Bu beş aylık sürede ne oldu da seçmenin fikri değişti ?
Yüzlerce insan askeri üniforma ile kimin için olduğu belli
olmayan bir savaşta öldü, keza yüzlercesi de üniformasız!
Suruç’ta, tek amaçları global devlet terörünün yerle bir
ettiği Kobane’nin yeniden inşasına destek olmak, orada yaşayan çocukların
yüzlerinde bir tebessüm oluşturmak olan 27 insan katledildi, 100e yakın kişi
yaralandı.
Faşist 80 darbesinin ezilenleri daha da ezerek, gücü tek
elde toplama amacıyla yarattığı %10 seçim barajı ucubesini her türlü engele
rağmen yerle bir edip meclise 80 vekil gönderen bu ülkenin yasal bir partisinin
mitinginde 2 adet bomba patladı. 2 kişi hayatını kaybetti, yüzlerce kişi
yaralandı.
Ankara’da, bu ülkenin başkentinin en merkezi yerlerinden
birisinde Barış, Özgürlük ve Adalet için bir araya gelen “iyi” insanların tam
ortasında bomba patladı. 95 kişi hayatını kaybettiği, 246 kişi yaralandığı,
Türkiye tarihinin en kanlı eylemi gerçekleşti! Bu olaylarda bahsettiğim
yaralanmalar burun kanaması, parmak kırılması yaralanmaları değil. Kol – bacak kopması
yaralanmaları!
7 Haziran seçimlerinde tek parti iktidarına yetecek oyun
alınamaması neticesinde koalisyon kurulmaması nedeniyle anlamsız şekilde
gidilen 1 Kasım seçimleri arasında geçen beş ayda kana ve acıya bürünen ülkede
tek parti iktidarına giden bir seçimin sonucunu “seçmen istikrarı seçti” diye
yorumlamak, yandaş yavşaklığından başka bir şey değildir.

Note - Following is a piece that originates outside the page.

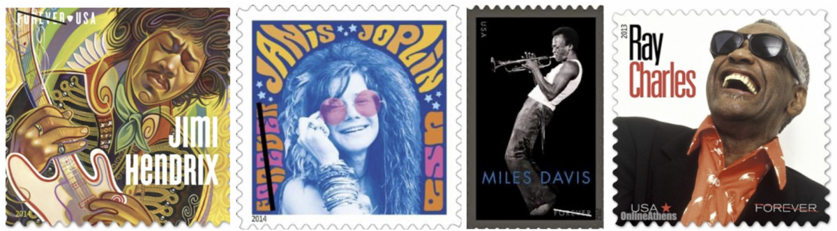 Remember when U.S. stamps honored great American role models like Lincoln, Franklin, and Washington? Here are some recent stamps, and here’s the question: What do these four have in common? Answer: Jimi Hendrix, Janis Joplin, Miles Davis, and Ray Charles were all heroin addicts. Nice role models, right?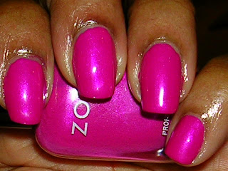Bright pink creme with hot pink shimmer. This polish is getting old and a little thick I need to buy some Zoya Restore to help bring it back to life :)

Ben size söyleyeyim mi seçmenin seçim sonucunda nasıl bir
mesaj verdiğini?
Bir kere mesaj verebilmek için mesaj verebilecek kapasiteye
sahip olmak lazım, dolayısı ile seçmen mesaj falan vermedi, seçmen içindeki
kötülüğü kustu! Seçmen dedi ki; Ben gücü acı çektirmek olarak görürüm, ve
güçlünün yani acı çektirenin yanında olmak isterim. Nasıl ki zamanında Maraş’ta,
Çorum’da, Sivas’ta gözünü kan bürümüş nefretten beslenen iktidar ile beraber
olup; düşünen, sorgulayan, eleştiren iyi insanları katlettiysem. Nasıl ki 6-7
eylül olaylarında bir araya gelip Ermenilerin, Rumların, Yahudilerin evini
yağmalayıp, canlarını aldıysam değişmedim, yine yaparım, yapanın da yanında
olurum !
Toplumumuzun sorunu cahil olmak falan değil, toplumumuzun
sorunu kötü olmak. Seçimde bir mesaj verdiyse de verdiği bu mesaj kötünün ve
kötülüğün yanında olmasıdır.
Hala bu ülkeden umudu olan varsa da, onun içindeki umut
ışığını sikeyim !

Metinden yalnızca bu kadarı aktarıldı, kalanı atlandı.